| EXERCISE |
Look through the records below for the line holding "Поздравляем хореографический коллектив". Write it out exactly, with each following line through the line holding "讲座开始前,李咏东老师和学生".

| INFORMATION PROVIDED |
********************
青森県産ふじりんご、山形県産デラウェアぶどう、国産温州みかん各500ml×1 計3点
********************
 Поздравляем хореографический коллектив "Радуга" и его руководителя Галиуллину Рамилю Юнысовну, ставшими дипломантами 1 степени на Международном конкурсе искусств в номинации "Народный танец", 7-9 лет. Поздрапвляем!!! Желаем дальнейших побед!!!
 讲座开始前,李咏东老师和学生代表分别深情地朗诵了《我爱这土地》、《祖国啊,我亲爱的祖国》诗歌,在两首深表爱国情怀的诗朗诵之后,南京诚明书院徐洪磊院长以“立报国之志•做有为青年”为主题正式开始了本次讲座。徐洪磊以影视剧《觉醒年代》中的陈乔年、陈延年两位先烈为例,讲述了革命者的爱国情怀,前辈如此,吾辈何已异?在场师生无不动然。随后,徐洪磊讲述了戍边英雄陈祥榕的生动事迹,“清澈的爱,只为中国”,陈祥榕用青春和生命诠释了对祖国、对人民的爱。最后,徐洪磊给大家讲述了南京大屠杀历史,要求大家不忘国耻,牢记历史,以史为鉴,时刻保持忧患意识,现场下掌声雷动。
********************
| ANSWER TO THIS TASK |
 Поздравляем хореографический коллектив "Радуга" и его руководителя Галиуллину Рамилю Юнысовну, ставшими дипломантами 1 степени на Международном конкурсе искусств в номинации "Народный танец", 7-9 лет. Поздрапвляем!!! Желаем дальнейших побед!!!
 讲座开始前,李咏东老师和学生代表分别深情地朗诵了《我爱这土地》、《祖国啊,我亲爱的祖国》诗歌,在两首深表爱国情怀的诗朗诵之后,南京诚明书院徐洪磊院长以“立报国之志•做有为青年”为主题正式开始了本次讲座。徐洪磊以影视剧《觉醒年代》中的陈乔年、陈延年两位先烈为例,讲述了革命者的爱国情怀,前辈如此,吾辈何已异?在场师生无不动然。随后,徐洪磊讲述了戍边英雄陈祥榕的生动事迹,“清澈的爱,只为中国”,陈祥榕用青春和生命诠释了对祖国、对人民的爱。最后,徐洪磊给大家讲述了南京大屠杀历史,要求大家不忘国耻,牢记历史,以史为鉴,时刻保持忧患意识,现场下掌声雷动。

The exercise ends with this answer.